On 2/19/24 03:25, Wei Fang wrote:
> Hi John,
> 
>> -----Original Message-----
>> From: John Ernberg <john.ernberg@actia.se>
>> Sent: 2024年2月8日 21:17
>> To: netdev@vger.kernel.org
>> Cc: Jonas Blixt <jonas.blixt@actia.se>; Wei Fang <wei.fang@nxp.com>;
>> Shenwei Wang <shenwei.wang@nxp.com>; Clark Wang
>> <xiaoning.wang@nxp.com>; Andrew Lunn <andrew@lunn.ch>; Heiner
>> Kallweit <hkallweit1@gmail.com>; Russell King <linux@armlinux.org.uk>
>> Subject: Broken networking on iMX8QXP after suspend after upgrading from
>> 5.10 to 6.1
>>
>> Hi,
>>
>> We just upgraded vendor kernel from 5.10 to 6.1 and ended up with broken
>> networking on our board  unless we bring the PHY up before the first
>> suspend of the system.
>>
>> The link is brought up via external signal, so it is not guaranteed to have been
>> UP before the first system suspend.
>>
>> We'd like to run the mainline kernel but we're not in a position to do so yet.
>> But we hope we can get some advice on this problem anyway.
>>
>> We have a permanently powered Microchip LAN8700R (microchip_t1.c)
>> connected to an iMX8QXP (fec), to be able to wake the system via network if
>> the link is up.
>>
>> This setup was working fine in 5.10.
>>
>> The offending commit as far as we could bisect it is:
>> 557d5dc83f68 ("net: fec: use mac-managed PHY PM") And somewhat:
>> fba863b81604 ("net: phy: make PHY PM ops a no-op if MAC driver manages
>> PHY PM")
>>
>> If the interface has not been brought UP before the system suspends we can
>> see this in dmesg:
>>
>>       fec 5b040000.ethernet eth0: MDIO read timeout
>>       Microchip LAN87xx T1 5b040000.ethernet-1:04: PM:
>> dpm_run_callback(): mdio_bus_phy_resume+0x0/0xc8 returns -110
>>       Microchip LAN87xx T1 5b040000.ethernet-1:04: PM: failed to resume:
>> error -110
>>
>> In this state it is impossible to bring the link up before removing all power
>> from the board and then plugging it in again, since the PHY is permanently
>> powered.
>>
>> My understanding here is that since the link has never been UP,
>> fec_enet_open() has never executed, therefor mac_managed_pm is not true.
>> This in turn makes us take the normal PM flow.
>> Likewise in fec_resume() if the interface is not running, the MAC isn't enabled
>> because on the iMX8QXP the FEC is powered down in the suspend path but
>> never re-initialized and enabled in the resume path, so the MAC is powered
>> back up, but still disabled.
>>
>> Adding the following seems to fix the issue, but I personally don't like this,
>> because we just allow the non-mac_managed_pm flow to run longer by
>> enabling the MAC again rather than letting the MAC do the PM as configured
>> in fec_enet_open().
>> What would be the correct thing to do here?
> 
> Sorry for the delayed response.

I must equally apologize for the delayed response.

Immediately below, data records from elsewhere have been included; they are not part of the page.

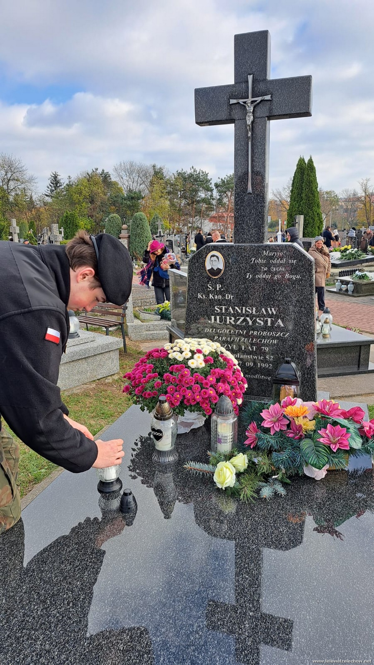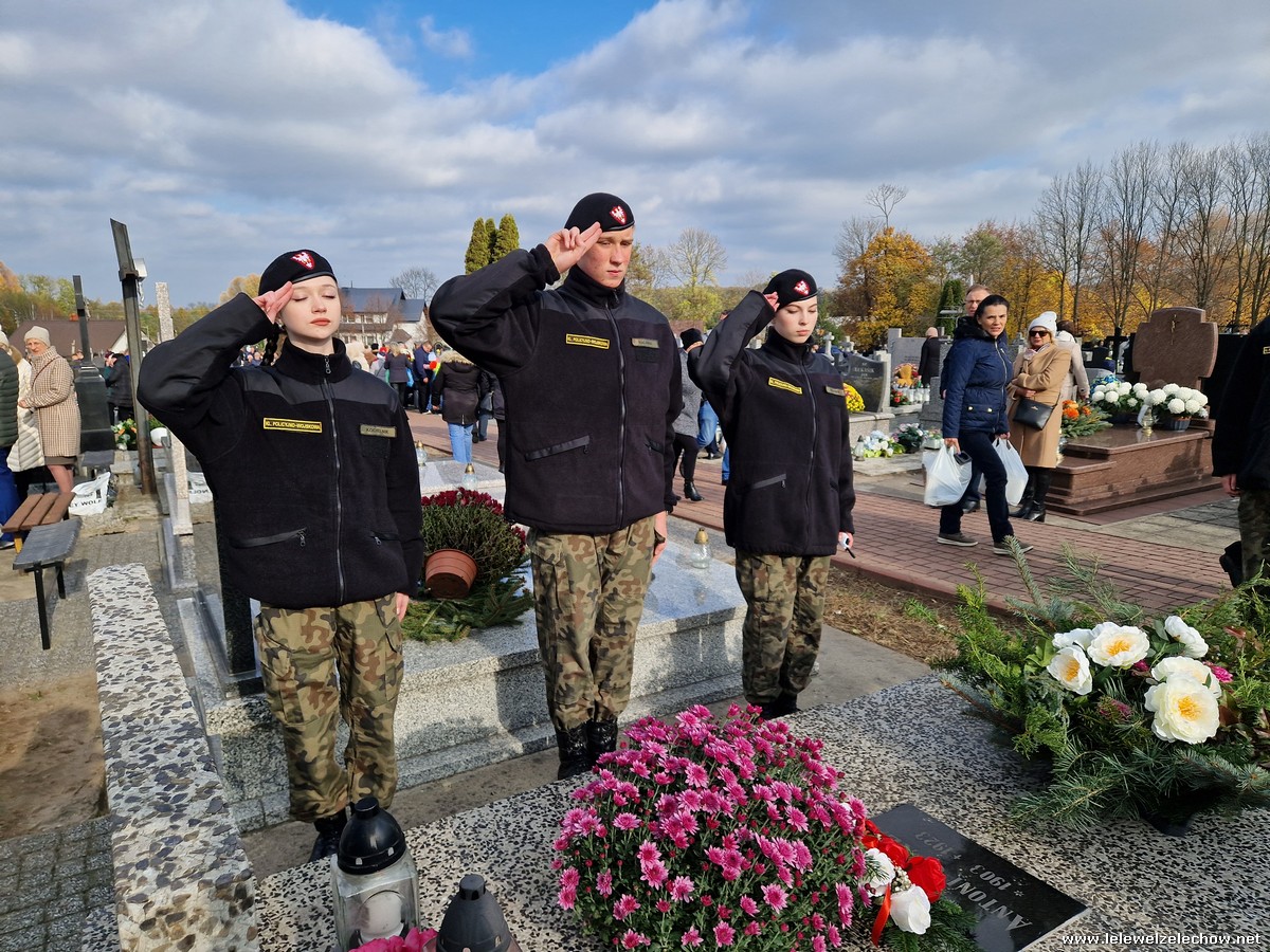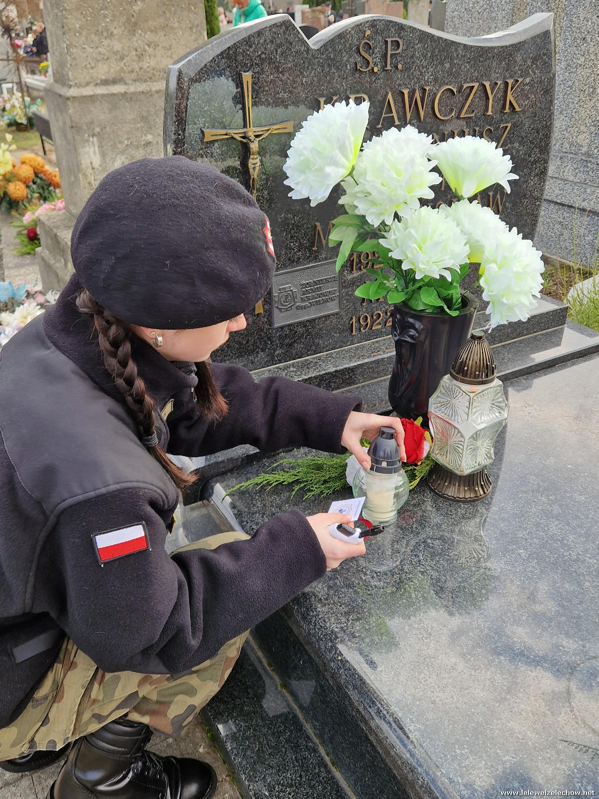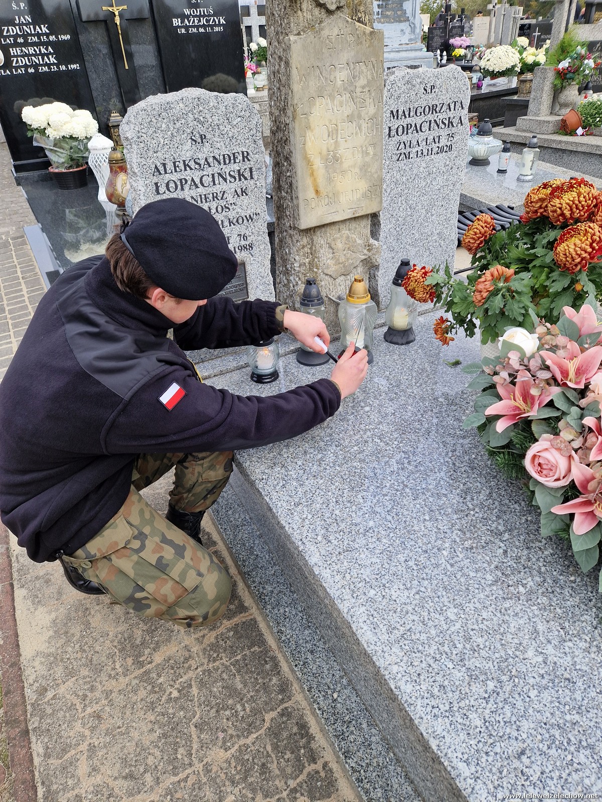 1 listopada tradycyjnie już nasi mundurowi z grupy policyjno-wojskowej klas drugich pełnili honorową wartę przy tablicy AK na miejscowym cmentarzu. Kadeci złożyli biało - czerwone wiązanki przed tablicą AK, a także na grobach naszych Dyrektorów - pani Antoniny Salwy oraz Władysława Opali. Zapalili również znicze. Młodzieży towarzyszyły - pani Dyrektor Sylwia Tomaszek oraz Urszula Kobielus, nauczyciel historii. Wartę mundurowych przygotował mjr Piotr Władziński.
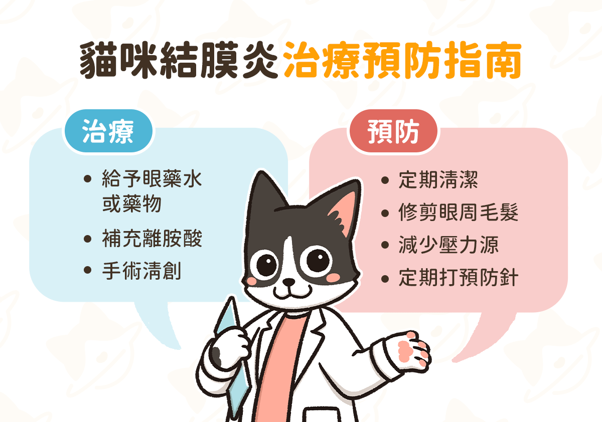 透過定期清潔眼周同修剪毛髮、維護環境質素、減少壓力來源及定期打預防針,都能有效預防結膜炎翻發。
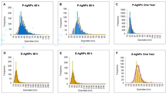 sp-ICPMS and stability analysis of P-AgNPs and E-AgNPs. ICPMS histogram of P-AgNPs at different time intervals, (A) after 48 h of synthesis at RT (room temperature), (B) after 86 h of synthesis at RT, (C) after one year at 4 °C. ICPMS histogram of E-AgNPs at different time intervals, (D) after 48 h of synthesis at RT, (E) after 86 h of synthesis at RT, (F) after one year at 4 °C.
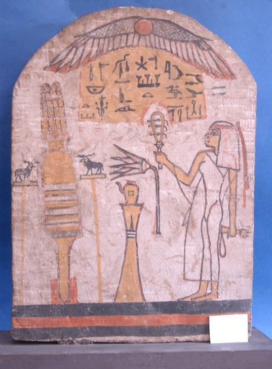 1- لوحة جنائزية لكاهنة حتحور فى منظر تقدمة للاله أوزير و يتوج اللوحة قرص الشمس المجنح، مصنوعة من الحجر الجيري وتعود إلى الدولة القديمة.
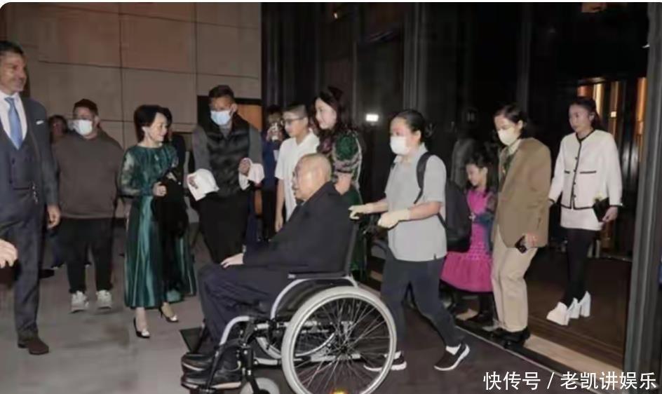 刘銮雄出场引骚动晚上七点半左右,宴会厅外突然一阵骚动。两名戴着白口罩的壮硕保镖开路,中间搀扶着的正是久未露面的刘銮雄。他穿着深色外套,配着一条醒目的湛蓝色裤子,全程低着头,对媒体的闪光灯置若罔闻。

Your patch helped greatly finding the actual root cause of the problem
(which pre-dates 5.10):

f166f890c8f0 ("net: ethernet: fec: Replace interrupt driven MDIO with 
polled IO")

How 5.10 worked for us is a mystery, because a suspend-resume cycle before
link up writes to MII_DATA register before fec_restart() is called, which
restores the MII_SPEED register, triggering the MII_EVENT quirk.

> Have you tried setting mac_management_pm to true after mdiobus registration?
> Just like below:

I have tested your patch and it does fix my issue, with your patch I also
realized a side-effect of mac_managed_pm in the FEC driver. The PHY will
never suspend due to the current implementation of fec_suspend() and
fec_resume().

phy_suspend() and phy_resume() are never called from FEC code.

May I pick up your patch with a signed-off from you? I would like to make
it a small series adding also suspend/resume of the PHY.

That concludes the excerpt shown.